It is anticipated that this program will assist approximately 400,000 household leaders (KIR), with about 77,000 extremely impoverished families set to receive assistance in the form of rice subsidies.
To make sure the program runs smoothly, various grocery stores and supermarkets have taken precautions.
proof of citizenship
a condition to purchase locally produced white rice so as to stop foreign individuals from acquiring the subsidized variety.
Yes, that indicates purchasers must present their National Registration Identity Card (NRIC) to purchase domestic white rice.
The present restriction allows each family to purchase up to two bags of rice, though certain shops impose a stricter limit of just one bag.
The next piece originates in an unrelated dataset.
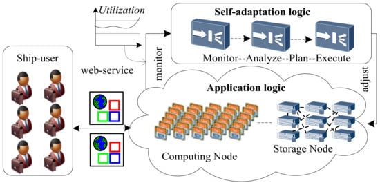 The ship supplying information system (SUIS) [15] is a web service-based system, responsible for handling supplying requirements submitted by ship-users, and it can automatically calculate and dispatch food, water, oil, and other supplying materials to ships. However, this web service-based system suffers the problem of Slashdot effect [16]: during the sailing task-intensive period, the supplying requirements increase rapidly, and the servers respond slowly or even crash; while during the rest period, there are rarely supplying requirements and most servers are freed. In order to improve the quality of the services and to decrease operating costs, SUIS was reconstructed based on the cloud computing architecture. By being redeployed with the MAPE-K [6,17] architecture, SUIS was composed of two parts, i.e., the self-adaptation logic and the application logic, as shown in Figure 1. The former is responsible for monitoring and optimizing service performance by dynamically adjusting the servers in operation, while the latter is used to provide continuous and reliable web services to ship-users.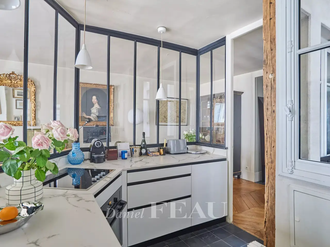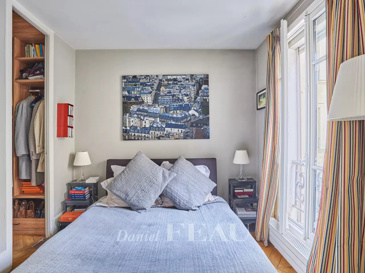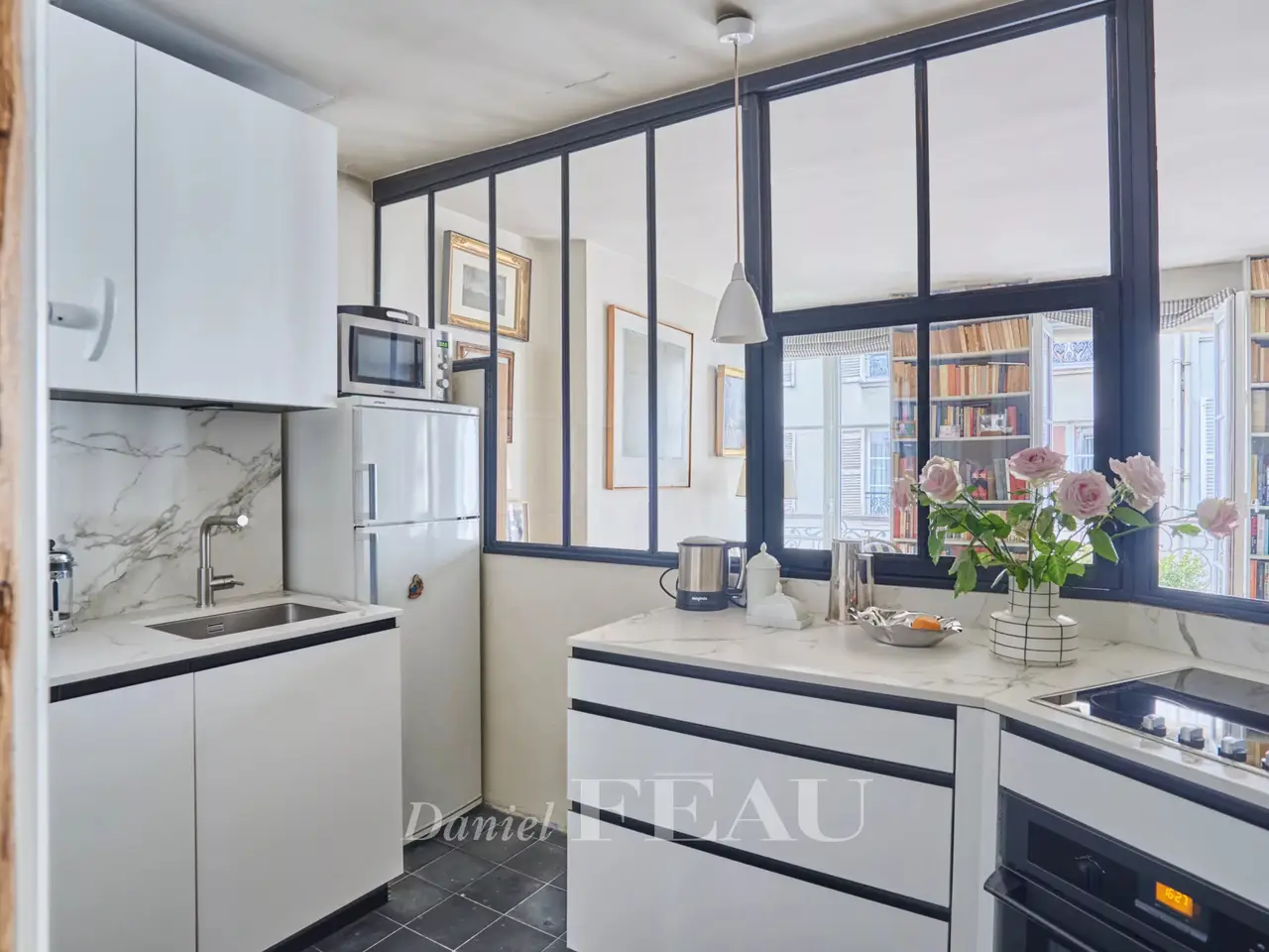 Sole Agent. This bright 62 sqm apartment occupies the whole 2nd floor of a charming late 19th century building located in a peaceful and sought-after street in the rue du Bac/Bon Marché neighbourhood. Benefiting from an optimised floor plan, it includes a spacious living/reception room with three floor-to-ceiling windows opening onto a balcony, a semi open-plan kitchen featuring workshop-style glazing, a bedroom overlooking a courtyard, an adjacent bathroom and dressing room, and a guest wc. With a near 10 sqm cellar.

To avoid tampering and guarantee an efficient distribution, Deputy Secretary-General of the Ministry of Agriculture and Food Security, Datuk Badrul Hisham Mohd, stated that enforcement squads will operate 24/7 every day of the week to oversee the supply chain with a specialized tracing system.
Badrul additionally reminded the public
not to accumulate excessively or misuse the subsidy
To make sure the rice distribution reaches those who genuinely require it.
READ MORE:
Malaysian Rice Shortage: Unraveling the Tale
READ MORE:
“The ‘Plastic Rice’ Scare Rears Its Head Once More – Let’s Set the Record Straight!”
READ MORE:
Have You Ever Pondered About The Origin Of Those Beetle-Like Creatures Found In Rice Packs?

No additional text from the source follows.